Why taking time off from tech matters: Are you “always on”​?

I’ve written a few articles recently, all related to protecting our energy. I know myself that when my energy is low, the quality of my thoughts can falter and my decision making, impaired. Poor energy management can lead to me to feeling, in short, rubbish which is not aligned with the kind of life I want to create.

As someone who is more of an introvert and has spent over a decade working in tech, I have come to realise just how important it is go offline and wanted to share some thoughts and insights about what has worked for me.

What is the first thing you do when you wake up?

Some reports indicate as many as 69% of us check our phones within the first 5 minutes of waking. (Source: bankmycell)

What is one of the last things you do before going to sleep?

Plenty has been written and researched about the effects of using a phone or viewing a laptop/tablet screen before bed (some reports indicates as many as 87% of us). Their use impairs our body’s ability to properly recharge ready for the next day.

How often do you check your phone a day?

Stats indicate as much as 58 times a day, with 30 of those times during work hours. Each time we pick up the phone over the course of the day we are losing around 37.5 minutes (Source: rescuetime).
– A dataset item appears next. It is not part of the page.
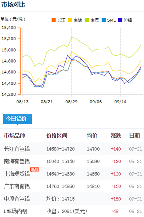 鋁錠價(jià)格今日鋁價(jià)2018-9-21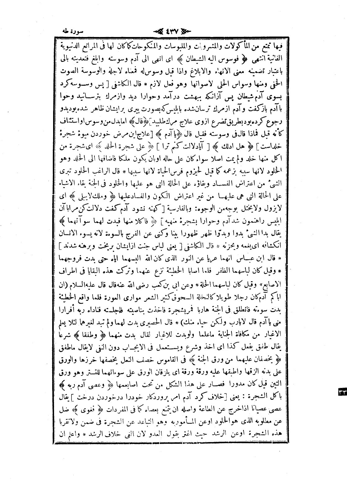 فيها تمتع من المأكولات والمشروبات والملبوسات والمنكوحات كما كان لها فى المراتع الدنيوية الفانية انتهى فَوَسْوَسَ إِلَيْهِ الشَّيْطانُ اى انهى الى آدم وسوسته وابلغ فتعديته بالى باعتبار تضمينه معنى الإنهاء والإبلاغ وإذا قيل وسوس له فمعناه لاجله والوسوسة الصوت الخفي ومنها وسواس الحلي لاصواتها وهو فعل لازم قال الكاشفى [پس وسوسه كرد بسوى آدم شيطان پس آز انكه ببهشت در آمد وحوارا ديد واز مرك بترسانيد وحوا با آدم باز كفت وآدم از مرك ترسان شده بإبليس كه بصورت پيرى بر ايشان ظاهر شده بود بدو رجوع كرده بود بطريق تضرع از وى علاج مرك طلبيد] قالَ اما بدل من وسوس او استئناف كأنه قيل فماذا قال فى وسوسته فقيل قال يا آدَمُ [علاج اين مرض خوردن ميوه شجره خلد است] هَلْ أَدُلُّكَ [آيا دلالت كنم ترا] عَلى شَجَرَةِ الْخُلْدِ اى شجرة من أكل منها خلد ولم يمت أصلا سواء كان على حاله او بان يكون ملكا فاضافها الى الخلد وهو الخلود لانها سببه بزعمه كما قيل لحيزوم فرس الحياة لانها سببها قال الراغب الخلود تبرى الشيء من اعتراض الفساد وبقاؤه على الحالة التي هو عليها والخلود فى الجنة بقاء الأشياء على الحالة التي هى عليها من غير اعتراض الكون والفساد عليها وَمُلْكٍ لا يَبْلى اى لا يزول ولا يختل بوجه من الوجوه: وبالفارسية [كهنه نشود آدم كفت دلالت كن مرا با آن إبليس راهنمون شد آدم وحوارا بشجره منهيه] فَأَكَلا مِنْها فَبَدَتْ لَهُما سَوْآتُهُما يقال بدا الشيء بدوا وبدوّا ظهر ظهورا بينا وكنى عن الفرج بالسوءة لانه يسوء الإنسان انكشافه اى يغمه ويحزنه قال الكاشفى [يعنى لباس جنت از ايشان بريخت وبرهنه شدند] قال ابن عباس انهما عريا عن النور الذي كان الله البسهما إياه حتى بدت فروجهما وقيل كان لباسهما الظفر فلما أصابا الخطيئة نزع عنهما وتركت هذه البقايا فى أطراف الأصابع وقيل كان لباسهما الخلة وعن ابى بن كعب رضى الله عنه قال قال عليه السلام (ان أباكم آدم كان رجلا طويلا كالنخلة السحوق كثير الشعر موارى العورة فلما واقع الخطيئة بدت سوءته فانطلق فى الجنة هاربا فمر بشجرة فاخذت بناصيته فاجلسته فناداه ربه أفرارا منى يا آدم قال لا يا رب ولكن حياء منك) قال الحصيري بدت لهما ولم تبد لغيرهما لئلا يعلم الأغيار من مكافاة الجناية ما علما ولو بدت للاغيار لقال بدت منهما وَطَفِقا شرعا يقال طفق يفعل كذا اى أخذ وشرع ويستعمل فى الإيجاب دون النفي لا يقال ما طفق يَخْصِفانِ عَلَيْهِما مِنْ وَرَقِ الْجَنَّةِ فى القاموس خصف النعل يخصفها خرزها والورق على بدنه ألزقها واطبقها عليه ورقة ورقة اى يلزقان الورق على سوءاتهما للتستر وهو ورق التين قيل كان مدورا فصار على هذا الشكل من تحت اصابعمها وَعَصى آدَمُ رَبَّهُ بأكل الشجرة: يعنى [خلاف كرد آدم امر پروردگار خود را در خوردن درخت] يقال عصى عصيانا إذا خرج عن الطاعة وأصله ان يتمنع بعصاه كما فى المفردات فَغَوى ضل عن مطلوبه الذي هو الخلود او عن المأمور به وهو التباعد عن الشجرة فى ضمن ولا تقربا هذه الشجرة او عن الرشد حيث اغتر بقول العدو لان الغى خلاف الرشد واعلم ان

These are just 2 of the many ways our use of tech is getting in the way of our wellbeing from just our phone use.

Our daily patterns

More than ever due to lockdowns and quarantines our daily patterns involve being increasingly attached to our tech, with some reports indicating as much as 4.3 hours a day is spent on our mobiles alone.

Many of us feel like we are “always on”. The notifications and demands can feel relentless. Keeping up with multiple devices, platforms and messaging tools can feel like a never-ending to-do list, requiring…er… demanding a response, especially if friends and family know you are at home they might think you aren’t as busy as you were when in the office.
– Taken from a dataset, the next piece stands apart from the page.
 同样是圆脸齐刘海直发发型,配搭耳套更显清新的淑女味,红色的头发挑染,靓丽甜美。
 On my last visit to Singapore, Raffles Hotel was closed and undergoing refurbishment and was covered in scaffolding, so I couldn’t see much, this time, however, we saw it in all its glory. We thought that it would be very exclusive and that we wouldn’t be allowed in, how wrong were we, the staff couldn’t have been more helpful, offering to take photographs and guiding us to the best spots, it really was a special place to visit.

Thoughts such as, “well, I am online so I should respond” or “I’ll just do that one email”, even though you had closed the laptop for the day and are sitting down to dinner. Aside from that, we have seen a much higher usage of virtual conferencing to conduct meetings, often with many participants, birthing the phrase “zoom fatigue”. Also, there’s the “doom scroll” of consuming endless content on the state of the pandemic for example and other not so cheerful news.

Our already fragmented energy and focus are further fragmented by the pull of push notifications.
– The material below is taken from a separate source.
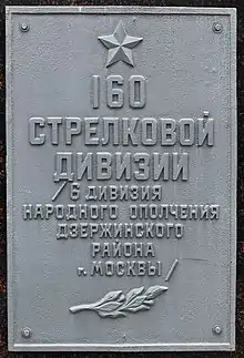 Memorial plaque to the 160th/6th Moscow Militia placed at Borovsk in recognition of its liberation on January 4, 1942
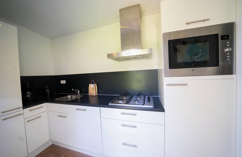 Pavilion 4 is a detached chalet that is suitable for 4 persons. In the living room you will find a sitting area with television and a separate dining area. The open kitchen is equipped with a microwave, dishwasher and coffee machine. This chalet has 2 bedrooms: 1 bedroom with a double bed and 1 bedroom with 2 single beds or a bunk bed. There is also a bathroom with a shower and toilet. Through folding doors you can reach the outside terrace with garden furniture. You can park 1 car at this chalet and there is free Wi-Fi. Please note that the park is located in nature and that the WiFi is not as fast as you are used to at home.

We are connected to our tech in a way that keeps us in a loop of compulsive checking and responding to all sorts of updates and requests. Some are important, but others are just noise that sucks up our precious energy and limited time.

The impact of tech stress

When I worked in tech, this “always on” feeling and stream of digital notifications led to overstimulation and overwhelm, you could say, it led to tech stress. I’d get headaches and feel like I was on a short fuse (which isn’t my nature) as I tried to keep up the pace of responding.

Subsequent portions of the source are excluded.